Oops, I only did the first one. I set up a chdsk last night, I'll post the results when I get home.
However, I am thinking we might be going about this the wrong way. The system worked fine when I was running WHS2011 and only started freezing when I switched to Windows 7. I then formatted the drive and performed a clean install with the same results. Unless a hardware component recently failed I think it unlikely to be a hardware issue. Also, it runs indefinitely under safe mode. What ever is causing the problem is something that is loaded in a normal boot but not during a safe boot. It also must be a Microsoft issue or one of my drivers because nothing else has been installed.
How can I track down the offending software/driver? I think I am going to try and run Validate without excluding Microsoft items and see if I get anything. Aside from that, what do you propose?
I'm not sure why you would think it isn't hardware if you said that formatting and reinstalling an OS didn't resolve the issue (unless I'm reading it incorrectly). The fact that it runs fine in safe mode doesn't really negate the possibility of it being hardware. Safe mode will limit the amount of hardware being used, and there may be hardware safe mode is not using that would trigger the freezes, or safe mode may not present conditions that would cause your hardware to bug out.
As for Driver Verifier, you want to make sure
not to select Microsoft drivers. I personally have done so to test it out and it will either slow down your PC to a crawl or lock it up or cause other unusual behavior. Unless you're sure the drivers selected are from Microsoft and are
not part of Windows (like they're part of Microsoft Security Essentials) then you'll want to keep away from selecting them.
The problem with freezes is that it's very difficult to ascertain cause because there's no data generated on the situation. If Driver Verifier is not triggering, then often one is reduced to brute force tactics like process of elimination to try and isolate cause. The only other exception is live kernel debugging, but I highly doubt you have the resources to perform that.
The only other data I can see that can help is a
Process Monitor log. Though this log can get big, fast, so you'll want to start it up and then try to perform some action you know will cause the freeze. The more logs the merrier (to determine patterns). Note in order for this to work during freezing, you'll have to go to
File then
Backing Files and change the backing file from virtual memory (paging file) to a static file that you define. That way all the data will be stored on that file and will not be lost at restart. Do that for a number of crashes, then zip them up and upload to a 3rd-party filesharing site.
Now, as for process of elimination, if you still believe this to be software, you can use
Autoruns and start turning off services, startup junk, drivers, etc., until you manage to narrow it down to a specific one. Your best method for this is to uncheck (never delete!) groups of related drivers/services/etc. (like everything pertaining to a specific application, or anything related to your network card). Unless you can find a pattern in the freezes and what you suspect may be causing them, your best bet is to start from the bottom (uncheck a LOT of items aside from necessary ones) and work up by turning on some, then testing, then turning on more, then testing, etc. If you want a quick way to do this, go to start menu then type
msconfig and then select either Diagnostic startup or Selective startup, then restart the PC. Then you can open Autoruns and see that much of the stuff has already been unchecked.
As you can kinda realize, this all probably won't work because diagnostic startup reduces startup to the most barebones startup possible, a little above safe mode. If you said diagnostic startup freezes up, then no amount of selecting items in Autoruns is going to fix this, unless you happen to go in after turning on diagnostic startup and use Auturuns to uncheck any drivers that have not been unchecked.
One thing I'm curious about, you said safe mode works. Does safe mode with networking also work? Does the networking in safe mode actually function properly (There may be problems with wifi in safe mode)?
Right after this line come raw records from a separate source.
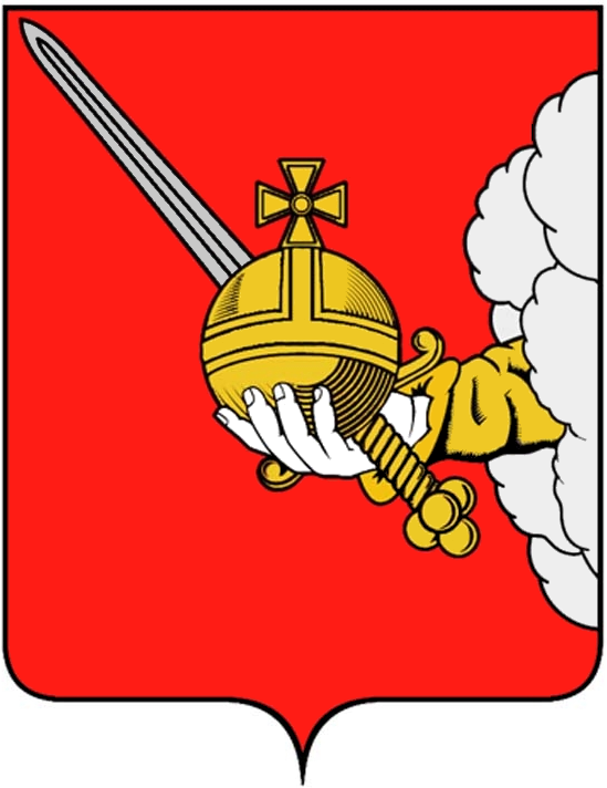 Vologda (Vologda oblast), coat of arms (1780)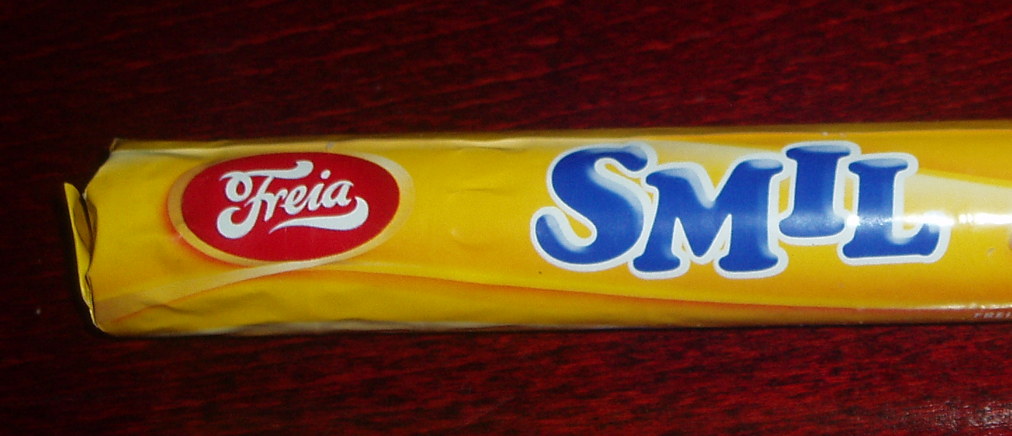 Left part (~2/3) of Norwegian chocolate packaging "Smil", made by Freia.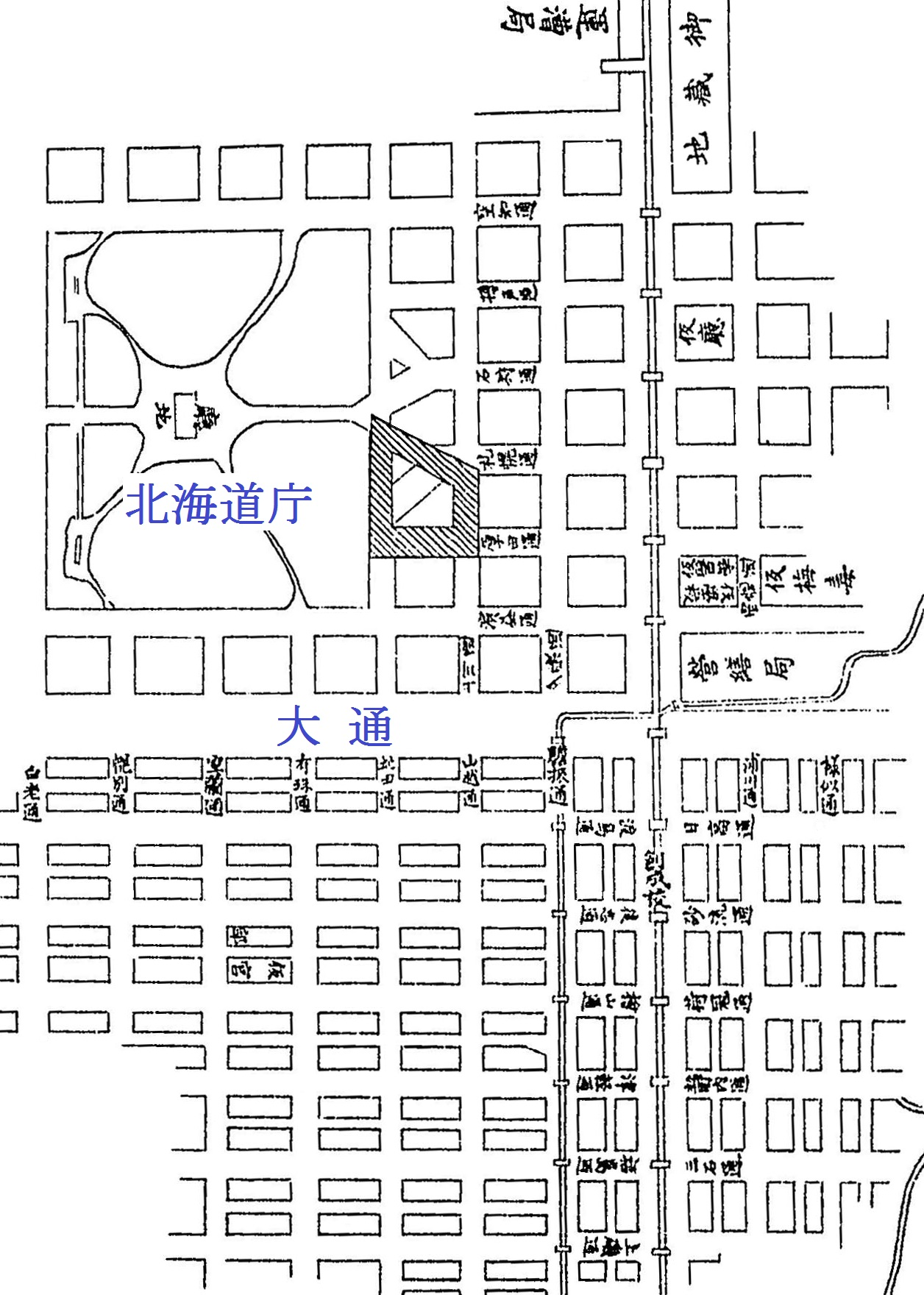 Map of Sapporo in 1875. Derivative Works(expository writing) by 目黒の隠居

Anyways, as for brute force tactics for hardware, it means performing a battery of hardware tests and removing hardware or swapping with replacements you know are reliable and seeing if that's the trick. I'll include a copypasta of a bunch of hardware tests you can use (I know you already ran like 2 of em) as well as how to generate a temp/voltage log for us to check. Basically they're additional (or the same) as what
writhzeden already mentioned previously. It's best to do anything you haven't already done that's been stated below or from
writhzeden.
RAM:
Memtest86+ - 7+ passes
CPU:
Prime95 - Torture Test; Large FFTs; overnight (9+ hours)
GPU:
MemtestG80/CL - Run twice (if any of the tests work on your GPU; ATI cards will need to install the
ATI APP SDK as it requires OpenCL)
Drives:
Seatools - All basic tests aside from the
Fix all or the advanced ones.
All of these (excluding MemtestG80/CL) are included in the
UBCD if you prefer a Live CD environment (which is the best environment to test hardware on). Note that Prime95 currently does not work on the UBCD. Also, please provide us temps/voltages using
HWInfo with
Sensors only option checked. Log two 30-minute instances: one for idle, and one for high load.